YOUR GOAL:
An exact copy of the lines, starting at the top of the listing and ending with the line that has "1974 Press Photo", is the required answer. Pictures are not part of it.

DATA BLOCK:

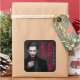 Happy Halloween autocollant avec un beau vampire pâle tenant un verre de sang et le texte "Happy Halloween" dans une police rouge, ornée, en détresse. Nom ou texte personnalisable.
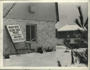 1974 Press Photo Sign leans against Village Trace apartments in Menands, NY
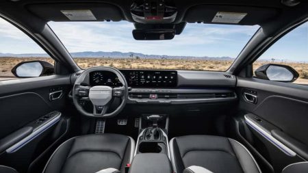 Στο εσωτερικό η KIA έχει τοποθετήσει το νεότερο «συνδυασμό» οθονών για τον πίνακα οργάνων και το infotainment (12,3+ 12,3 ίντσες) συν ακόμα μία στο ενδιάμεσό τους για τον έλεγχο του κλιματισμού, οι οποίες δημιουργούν μια ενιαία επιφάνεια με διαγώνιο σχεδόν 30 ιντσών.

SOLUTION:
 Happy Halloween autocollant avec un beau vampire pâle tenant un verre de sang et le texte "Happy Halloween" dans une police rouge, ornée, en détresse. Nom ou texte personnalisable.
 1974 Press Photo Sign leans against Village Trace apartments in Menands, NY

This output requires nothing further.